Growing up, what did art mean to you and how did you find yourself drawn to practicing it/making it a career?
Growing up, I was one of those kids who was constantly sketching in the margins of school notebooks. Recognition from teachers early on was encouraging. By late high school I was carrying around a sketchbook almost everywhere and trying to make every page well designed. Fellow students would try to get me to complete their art projects for them. I would illustrate stories in ball point and meticulously catalogue cassette tapes with copious attention to detail cover artwork.
Tell us about your training and influences.
In college, I started out in literature, then design, and wanted to be an illustrator. My professors at Cal Poly could not satisfy my hunger for drawing so they prescribed for me a much more rigorous studio art curriculum. At UCSC, I was lucky enough to study with Patrick Aherne, who had a gift for instilling in his students a great love and respect for painting. That was where I first tried my hand at painting the landscape outdoors. I also practiced freelance illustration for a while but it was painting in oils that really took hold of me.
Some of my deepest influences go way back to old friendships, mentors and fellow artists. Other artists I find endlessly inspiring are Cezanne, Barbizon painters, Corot, Courbet, Morandi, Ab Ex painters, Diebenkorn, and many more.

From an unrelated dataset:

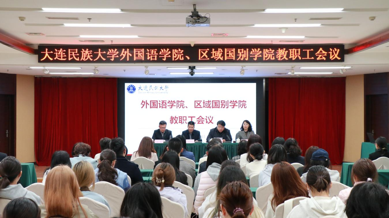 外国语学院、区域国别学院班子成员和全体教职工以及学生代表参加会议。
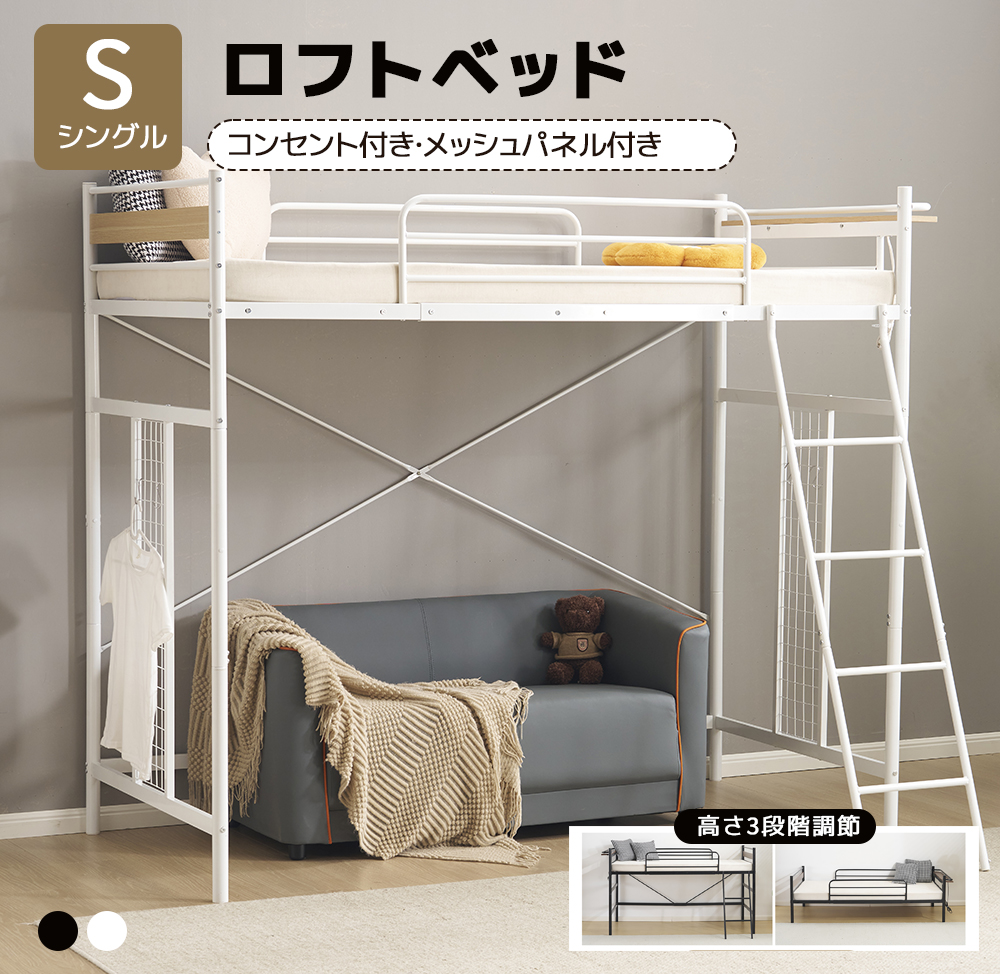 ロフトベッド シングル パイプベッド コンセント付き3WAYベッド メッシュパネル付 高さ3段階調節 子供ベッド 北欧風 スチール 耐震 一人暮らし ベッド

What do you find yourself most drawn to in painting?
With painting, I feel as though I've taken on a challenge that I will never be able to truly exhaust and that notion spurs me on today just as it did when I finished school. In a way, I have kept a steady course but there is always so much room for improvement as a visual artist, as a craftsman, and as a person. There are also many places I look forward to painting.